### [Activity]
Copy the lines below as they are; omit the images they contain.

### [Data listing]
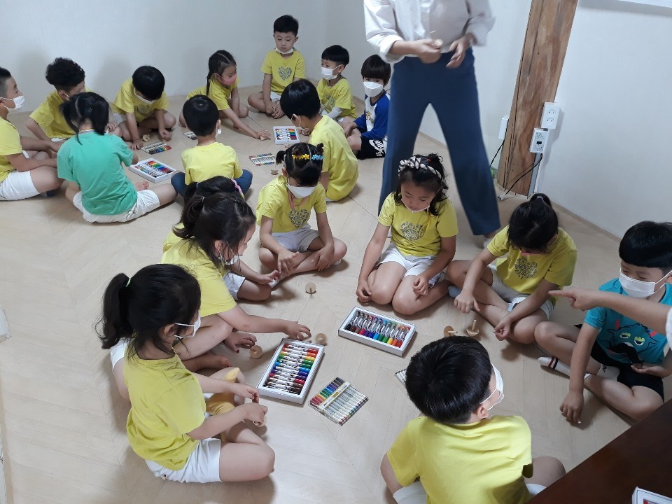 친구들이 팽이에 꾸며봐요. 색으로 알록달록 각자의 취향대로~
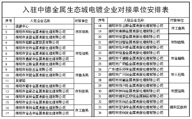 為貫徹落實(shí)全市電鍍產(chǎn)業(yè)發(fā)展推進(jìn)會(huì )會(huì )議精神,全力加快中德金屬生態(tài)城電鍍園區建設,努力打造綠色電鍍產(chǎn)業(yè)高地,全市各地各部門(mén)主動(dòng)作為,加強協(xié)調,形成合力,結對支持,切實(shí)幫助入駐園區電鍍企業(yè)解決投產(chǎn)建設過(guò)程碰到的各項問(wèn)題,助推企業(yè)盡早投產(chǎn)運營(yíng)。根據安排,市環(huán)保、經(jīng)信、商務(wù)等部門(mén)和揭東區政府等十家單位將對首批34家入園電鍍企業(yè)進(jìn)行結對支持。
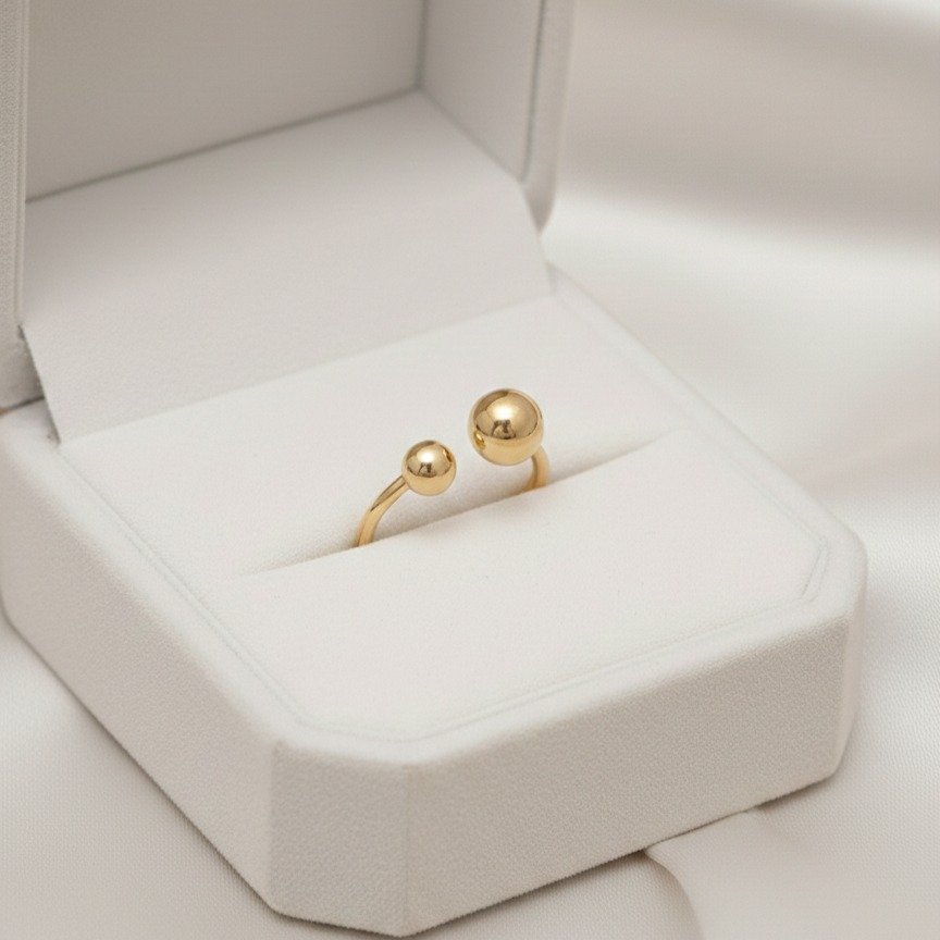 Anel Ajustável Esferas Duplas Banhado em Ouro 18k – Semijoia
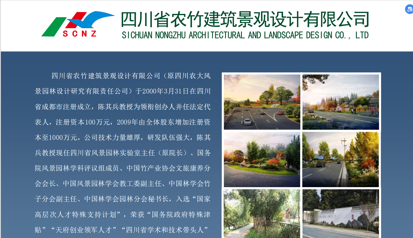 四川省農竹建筑景觀設計有限公司(原四川農業大學園林環境藝術設計研究所)依托于以培養風景園林高級人才著稱的四川農業大學風景園林學院與成都科學院園林研究所。四川省農竹建筑景觀設計有限公司成立于2000年,隸屬于以培養園林高級人才著稱的“211”重點建設高校四川農業大學風景園林學院,集科研教學、環藝、園林綠化規劃設計、休閑農業規劃、施工、監理、苗木生產培育以及培養園林高級人才等為一體的大型綜合園林科研開發實體,具有風景園林工程設計專項甲級、林業規劃設計乙級、建筑工程設計乙級資質。
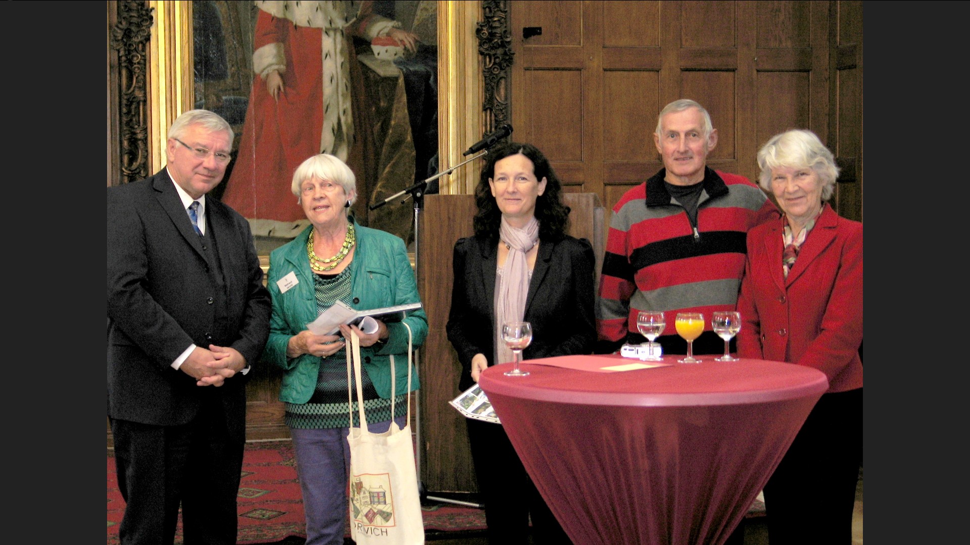 Das Foto vom Empfang im Rathaussaal zeigt von l.n.r.: OB Hofmann-Göttig, Waltraud Jarrold, Präsidentin der “Norfolk & and Norwich-Koblenz Association”, BrigitteFinkemeier, Kultur- und Schulverwaltungsamt, Günter Hahn, Vorsitzender des Freundschaftskreises Norwich-Koblenz – Deutsch-Britischer Club e.V., und Jill Noble, Vorsitzende der “Norfolk & and Norwich-Koblenz Association”. “
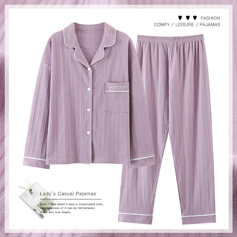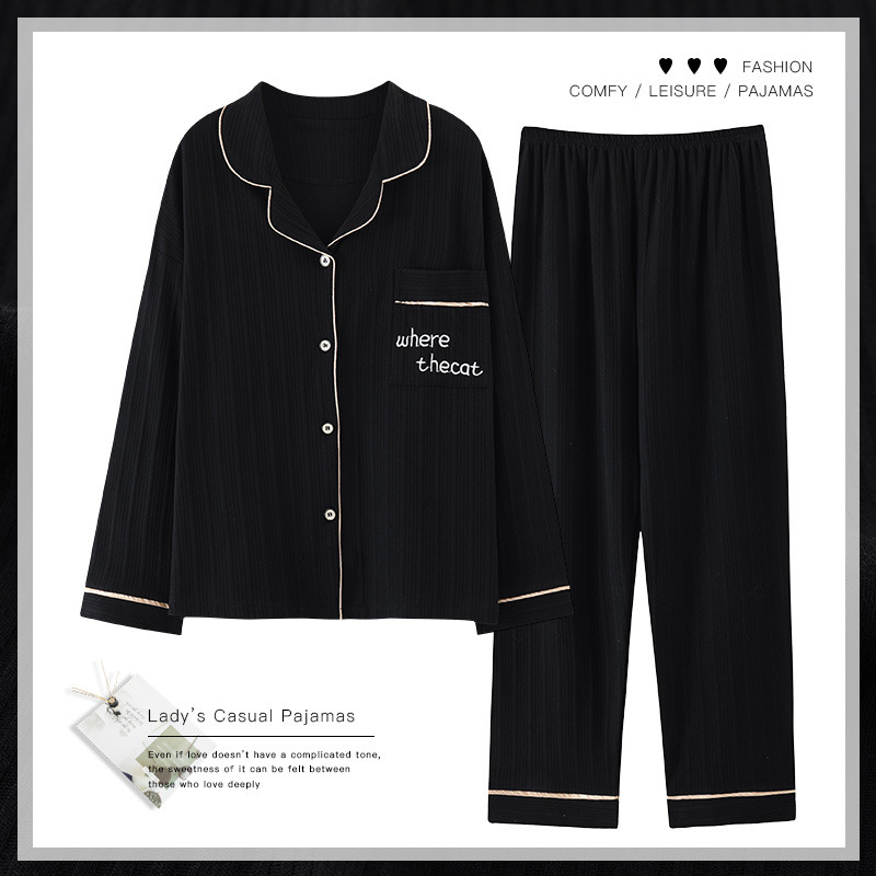 2023 새로운 잠옷 여자의 봄과 가을 여자의 면 잠옷 가디건 간단한 캐주얼 아웃웨어 가정복 세트스토어 가기
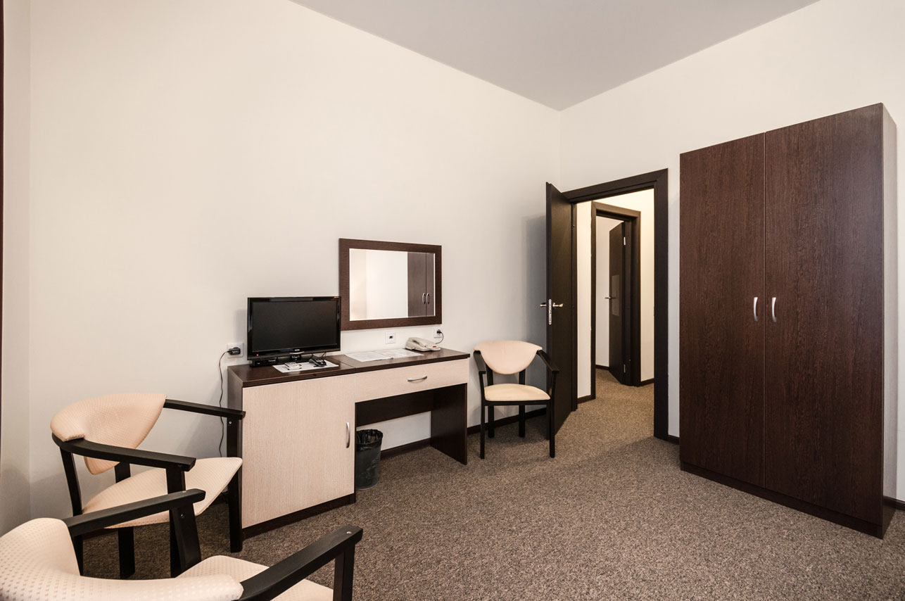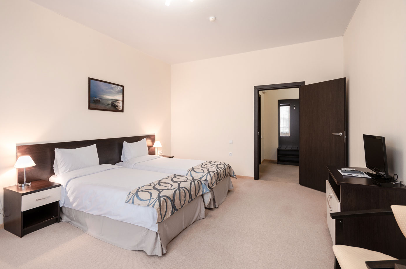 В номере: вешалка, диван раскладной, зеркало, кресло-кровать, кровати односпальные, прикроватные тумбочки, стол, стулья, шкаф, кондиционер, мини-холодильник, телевизор

### [Reply to the exercise]
 친구들이 팽이에 꾸며봐요. 색으로 알록달록 각자의 취향대로~
 為貫徹落實(shí)全市電鍍產(chǎn)業(yè)發(fā)展推進(jìn)會(huì )會(huì )議精神,全力加快中德金屬生態(tài)城電鍍園區建設,努力打造綠色電鍍產(chǎn)業(yè)高地,全市各地各部門(mén)主動(dòng)作為,加強協(xié)調,形成合力,結對支持,切實(shí)幫助入駐園區電鍍企業(yè)解決投產(chǎn)建設過(guò)程碰到的各項問(wèn)題,助推企業(yè)盡早投產(chǎn)運營(yíng)。根據安排,市環(huán)保、經(jīng)信、商務(wù)等部門(mén)和揭東區政府等十家單位將對首批34家入園電鍍企業(yè)進(jìn)行結對支持。
 Anel Ajustável Esferas Duplas Banhado em Ouro 18k – Semijoia
 四川省農竹建筑景觀設計有限公司(原四川農業大學園林環境藝術設計研究所)依托于以培養風景園林高級人才著稱的四川農業大學風景園林學院與成都科學院園林研究所。四川省農竹建筑景觀設計有限公司成立于2000年,隸屬于以培養園林高級人才著稱的“211”重點建設高校四川農業大學風景園林學院,集科研教學、環藝、園林綠化規劃設計、休閑農業規劃、施工、監理、苗木生產培育以及培養園林高級人才等為一體的大型綜合園林科研開發實體,具有風景園林工程設計專項甲級、林業規劃設計乙級、建筑工程設計乙級資質。
 Das Foto vom Empfang im Rathaussaal zeigt von l.n.r.: OB Hofmann-Göttig, Waltraud Jarrold, Präsidentin der “Norfolk & and Norwich-Koblenz Association”, BrigitteFinkemeier, Kultur- und Schulverwaltungsamt, Günter Hahn, Vorsitzender des Freundschaftskreises Norwich-Koblenz – Deutsch-Britischer Club e.V., und Jill Noble, Vorsitzende der “Norfolk & and Norwich-Koblenz Association”. “
 2023 새로운 잠옷 여자의 봄과 가을 여자의 면 잠옷 가디건 간단한 캐주얼 아웃웨어 가정복 세트스토어 가기
 В номере: вешалка, диван раскладной, зеркало, кресло-кровать, кровати односпальные, прикроватные тумбочки, стол, стулья, шкаф, кондиционер, мини-холодильник, телевизор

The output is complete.